= Achou =

Chinese palace huanguan (eunuch)

Achou (阿丑 (Āchǒu)) was a Chinese palace huanguan (eunuch) of the Ming dynasty who often acted in fumo (副末 or 付末; jester) roles in yuanben to entertain (and influence) the Chenghua Emperor (reigned 1464–1487).

One day, Achou created a skit for the emperor in which he portrayed a drunkard. In this performance, when he was told that a certain government official was coming, the drunkard remained drunk and acted wild and rowdy. Next, he heard a warning that the emperor was here, but he continued his frolicking. Finally, a warning came that the head eunuch Wang Zhi had arrived, and the drunkard immediately became quiet. When asked about his behavior, he said he only knew of Wang Zhi's power but not of the emperor's. With this performance, Achou warned the Chenghua Emperor that Wang Zhi was becoming too influential in politics, at his expense.

Wang Zhi was supported by the generals Wang Yue and Chen Yue. During another performance, Achou carried two yue (halberds), one in each hand. When asked what these were, he joked they were yues, named Chen Yue and Wang Yue! Achou was able to remonstrate the emperor this way because the emperor still trusted another head eunuch and Wang Zhi's rival, Huai'en.

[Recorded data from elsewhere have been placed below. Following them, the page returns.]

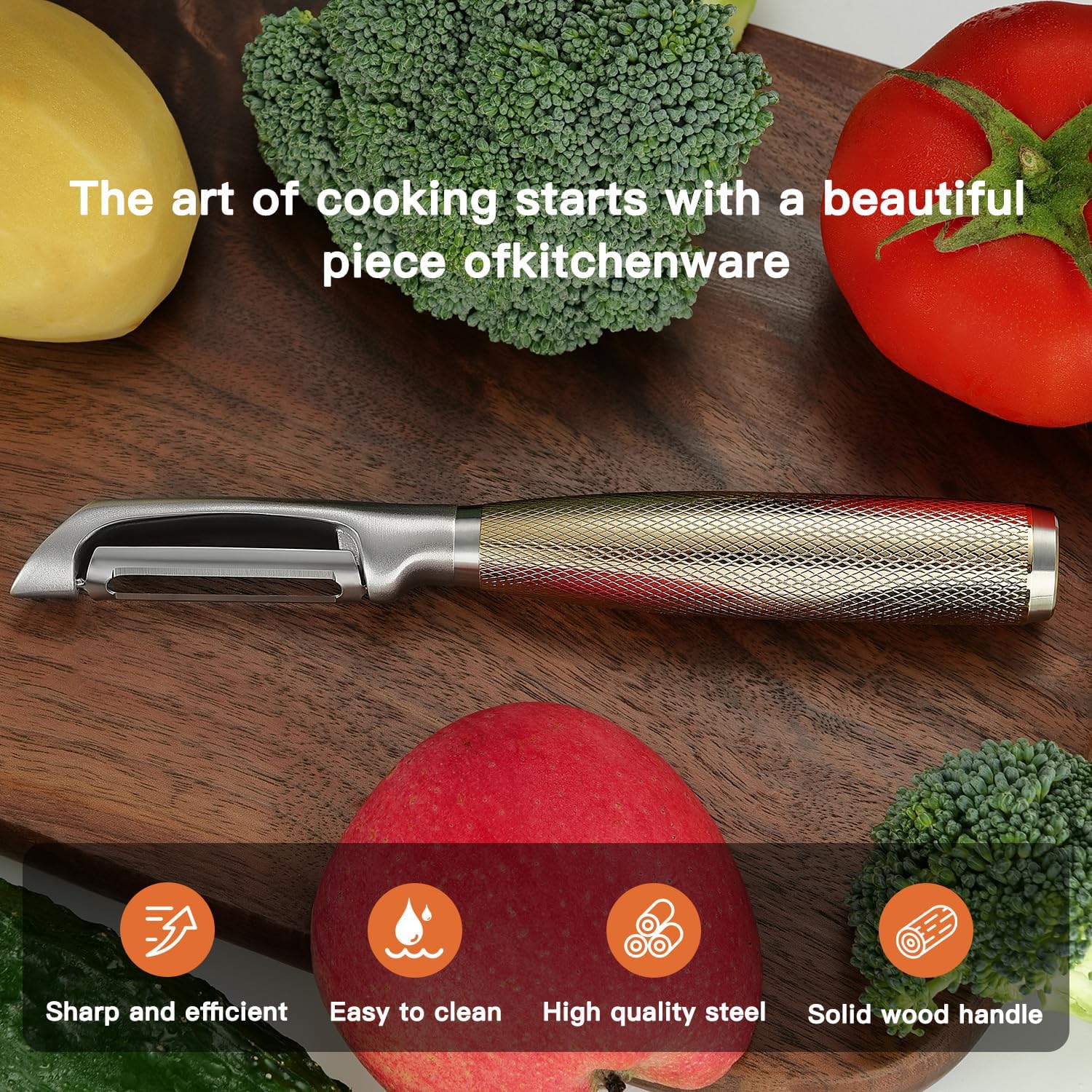 • Precision-Engineered Blade for Effortless Peeling: The blade is honed to a fine edge, allowing it to glide through tough skins and delicate produce with minimal pressure. This smooth action helps you prepare meals faster and with less food waste compared to standard peelers.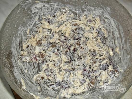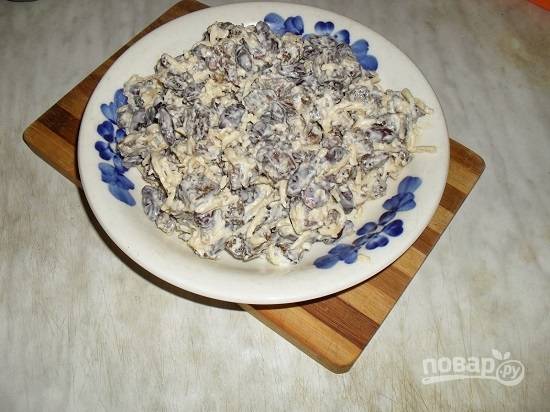 Добавим измельченный чеснок, соль и перец. Заправим майонезом.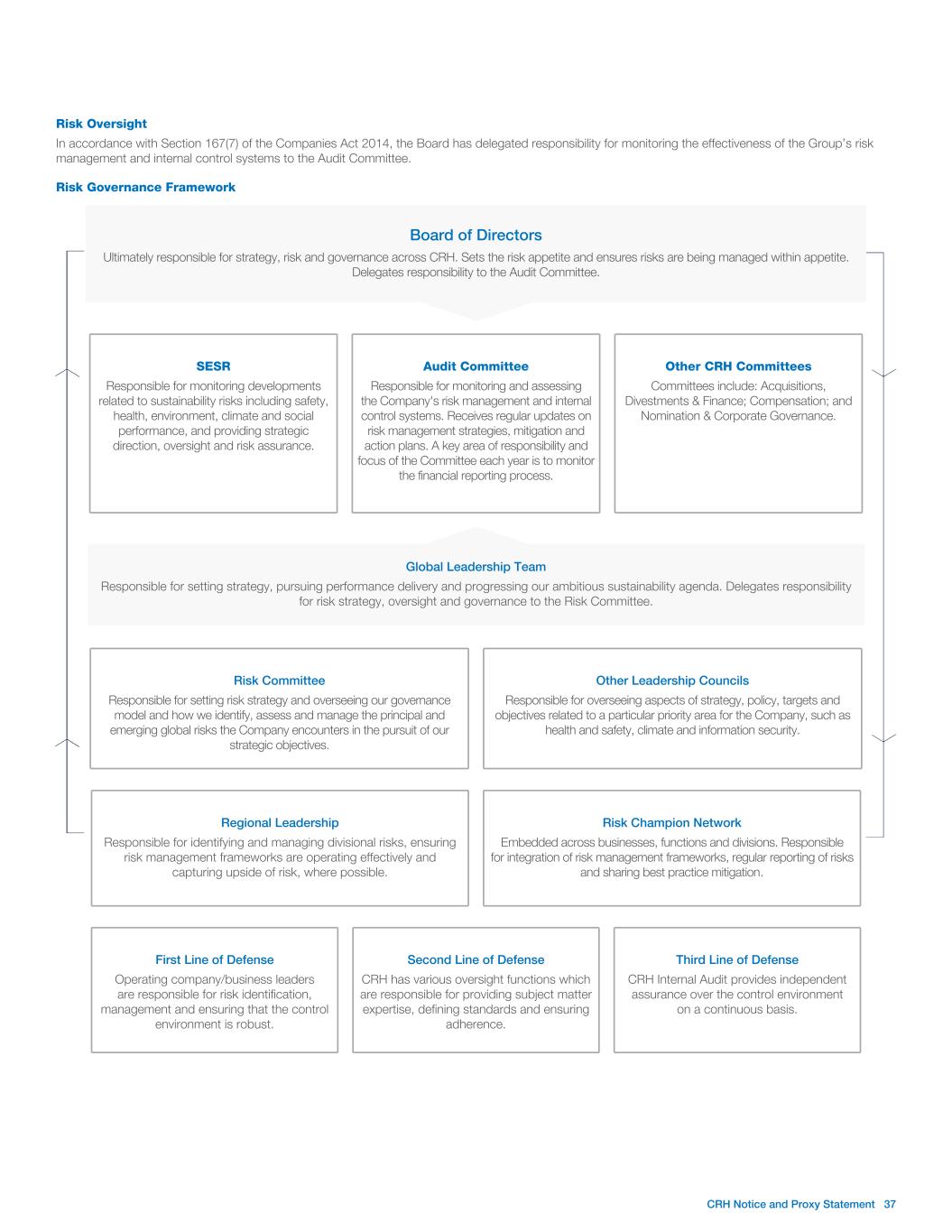 Risk Oversight In accordance with Section 167(7) of the Companies Act 2014, the Board has delegated responsibility for monitoring the effectiveness of the Group’s risk management and internal control systems to the Audit Committee. Risk Governance Framework Board of Directors Ultimately responsible for strategy, risk and governance across CRH. Sets the risk appetite and ensures risks are being managed within appetite. Delegates responsibility to the Audit Committee. SESR Responsible for monitoring developments related to sustainability risks including safety, health, environment, climate and social performance, and providing strategic direction, oversight and risk assurance. Audit Committee Responsible for monitoring and assessing the Company's risk management and internal control systems. Receives regular updates on risk management strategies, mitigation and action plans. A key area of responsibility and focus of the Committee each year is to monitor the financial reporting process. Other CRH Committees Committees include: Acquisitions, Divestments & Finance; Compensation; and Nomination & Corporate Governance. Global Leadership Team Responsible for setting strategy, pursuing performance delivery and progressing our ambitious sustainability agenda. Delegates responsibility for risk strategy, oversight and governance to the Risk Committee. Risk Committee Responsible for setting risk strategy and overseeing our governance model and how we identify, assess and manage the principal and emerging global risks the Company encounters in the pursuit of our strategic objectives. Other Leadership Councils Responsible for overseeing aspects of strategy, policy, targets and objectives related to a particular priority area for the Company, such as health and safety, climate and information security. Regional Leadership Responsible for identifying and managing divisional risks, ensuring risk management frameworks are operating effectively and capturing upside of risk, where possible. Risk Champion Network Embedded across businesses, functions and divisions. Responsible for integration of risk management frameworks, regular reporting of risks and sharing best practice mitigation. First Line of Defense Operating company/business leaders are responsible for risk identification, management and ensuring that the control environment is robust. Second Line of Defense CRH has various oversight functions which are responsible for providing subject matter expertise, defining standards and ensuring adherence. Third Line of Defense CRH Internal Audit provides independent assurance over the control environment on a continuous basis. CRH Notice and Proxy Statement 37

On another occasion, Achou exposed the corruption of Zhu Yong, the Duke of Baoguo, with a skit in which he played a Confucian scholar. When he recited a well-known poem "Wu River" (烏江) by the Tang-dynasty poet Hu Zeng about Xiang Yu, he changed "eight thousand soldiers" in a verse to "six thousand soldiers". When he was corrected, he replied that the missing two thousand had gone to build a mansion for the Duke of Baoguo. At that time, Zhu Yong was the garrison commander of the capital who was known to use his soldiers for his personal use. The emperor was alerted, but still doubtful, he asked the eunuch Shang Ming (尚明) to investigate. Zhu Yong was scared and stopped the construction.